What is being asked:
Once you find the line with "Vävda strumpeband i", output it and every line after it exactly, through the last line of the listing, but no pictures.

Collected data:
*** Begin section ***
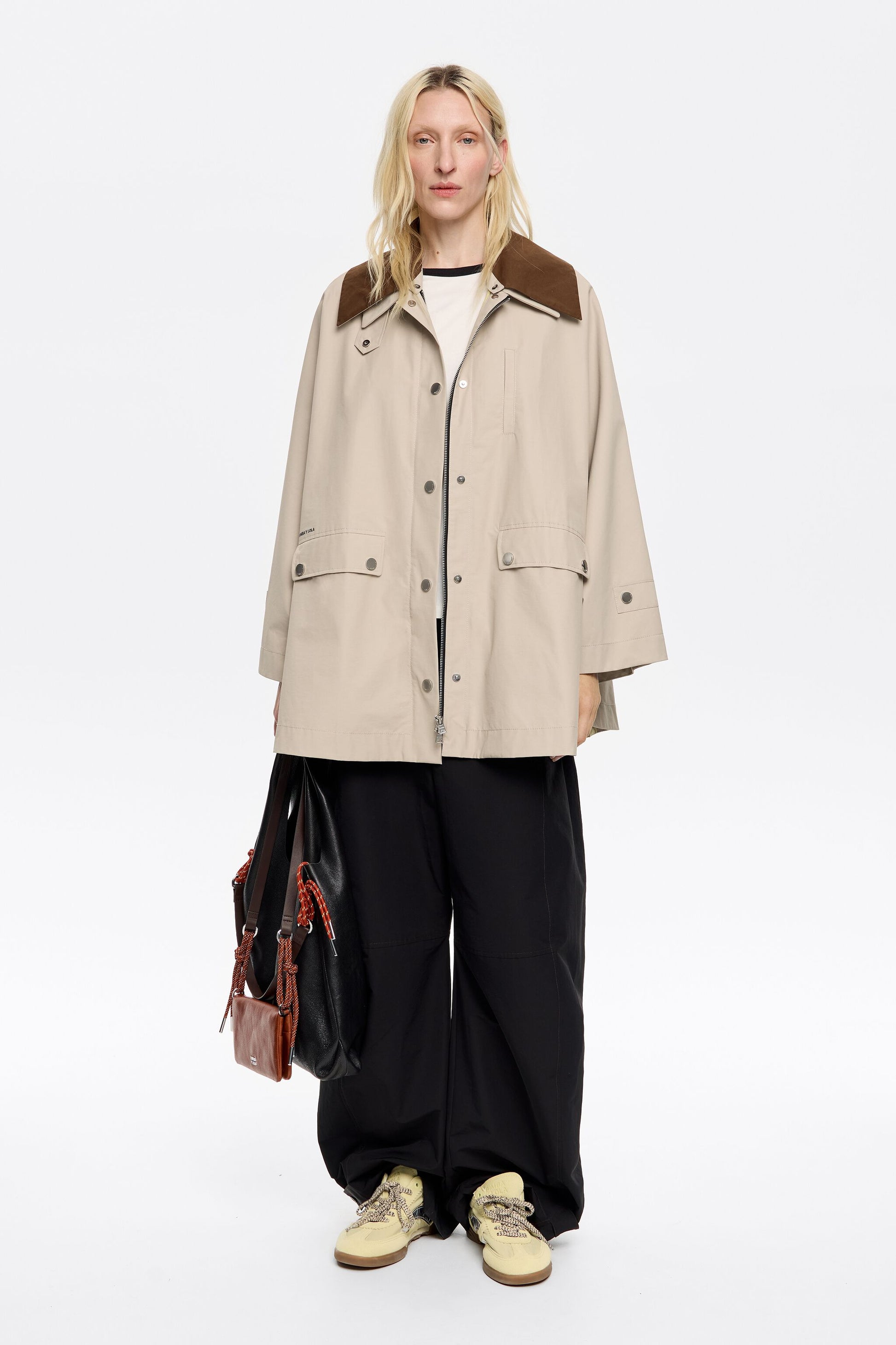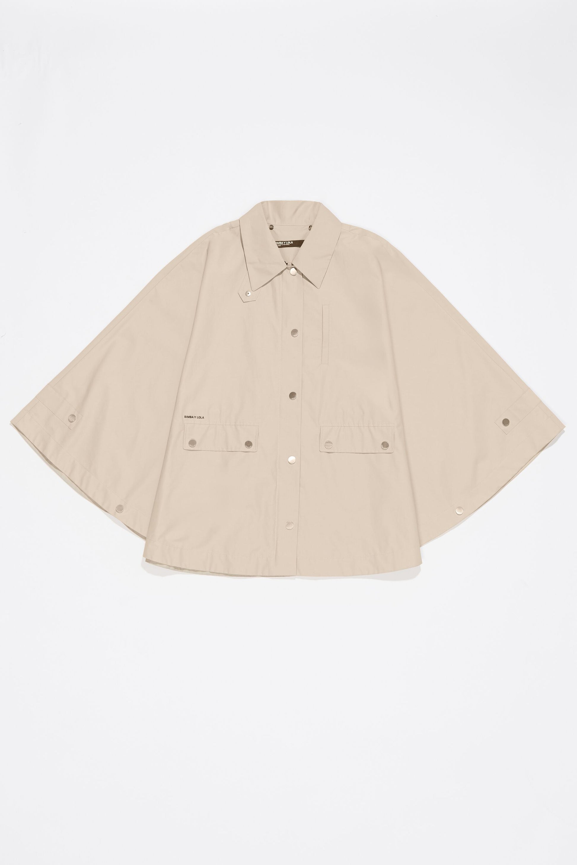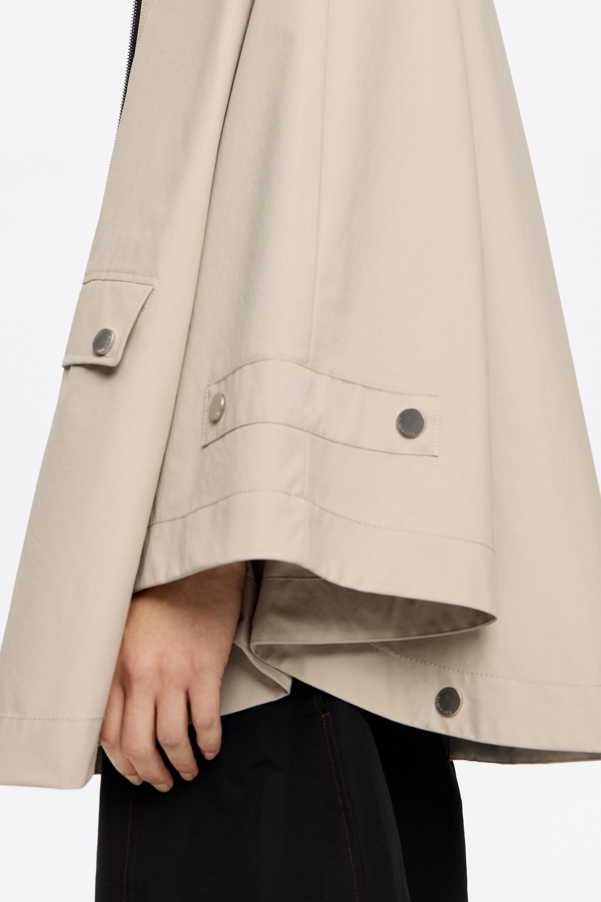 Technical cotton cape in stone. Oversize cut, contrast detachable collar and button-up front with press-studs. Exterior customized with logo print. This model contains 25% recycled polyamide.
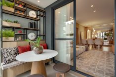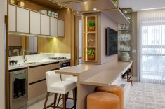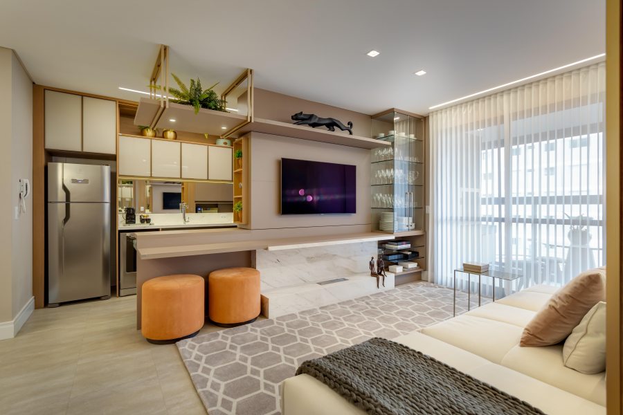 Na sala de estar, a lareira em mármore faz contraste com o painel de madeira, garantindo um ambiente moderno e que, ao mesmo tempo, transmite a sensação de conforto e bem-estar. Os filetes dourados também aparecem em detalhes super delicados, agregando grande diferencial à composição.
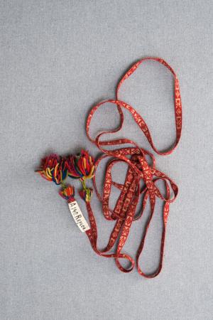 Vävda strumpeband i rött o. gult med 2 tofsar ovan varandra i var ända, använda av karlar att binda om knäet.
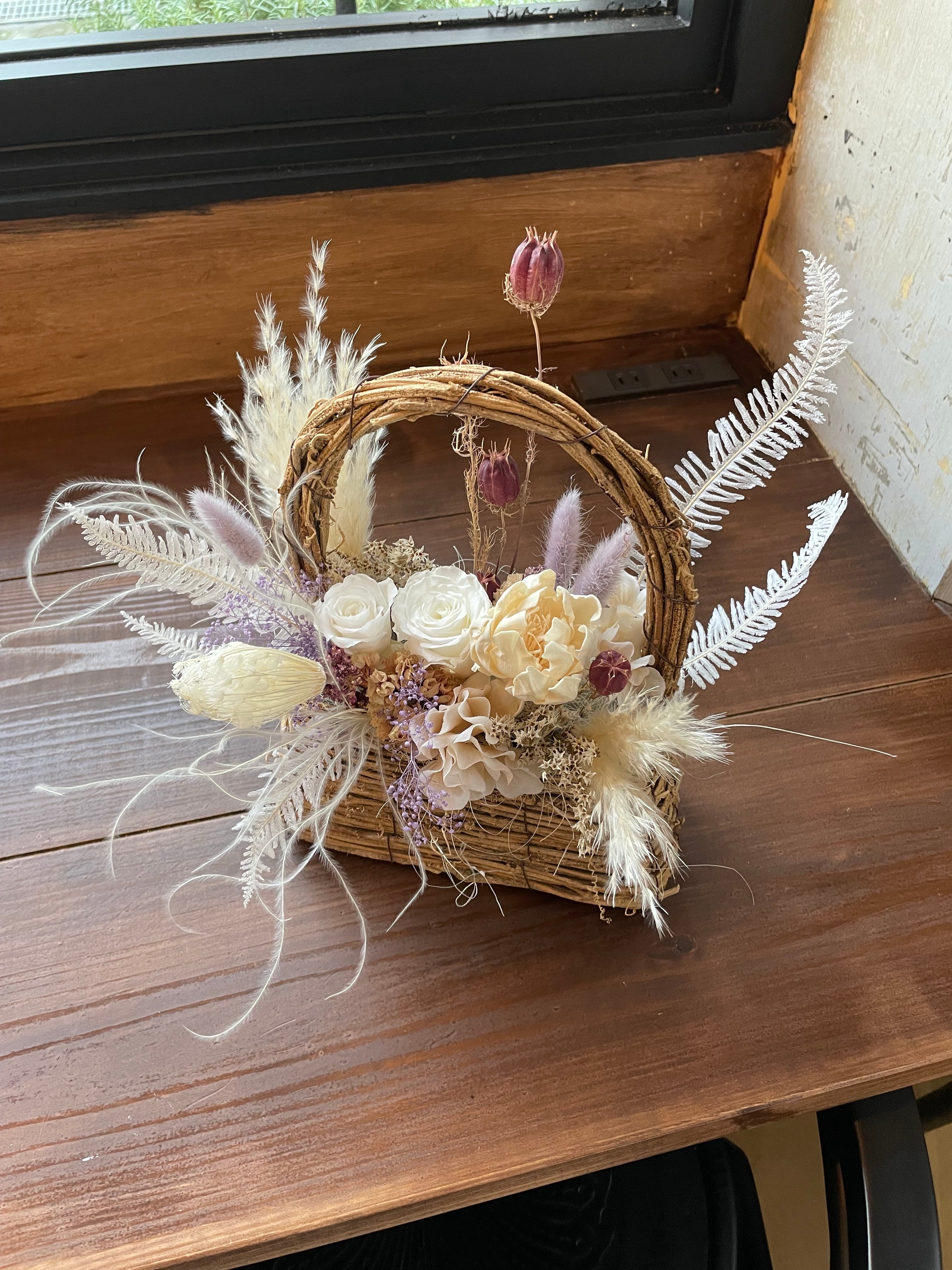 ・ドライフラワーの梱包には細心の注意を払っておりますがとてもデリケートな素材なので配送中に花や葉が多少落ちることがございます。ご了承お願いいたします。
*** End section ***
Exercise output:
 Vävda strumpeband i rött o. gult med 2 tofsar ovan varandra i var ända, använda av karlar att binda om knäet.
 ・ドライフラワーの梱包には細心の注意を払っておりますがとてもデリケートな素材なので配送中に花や葉が多少落ちることがございます。ご了承お願いいたします。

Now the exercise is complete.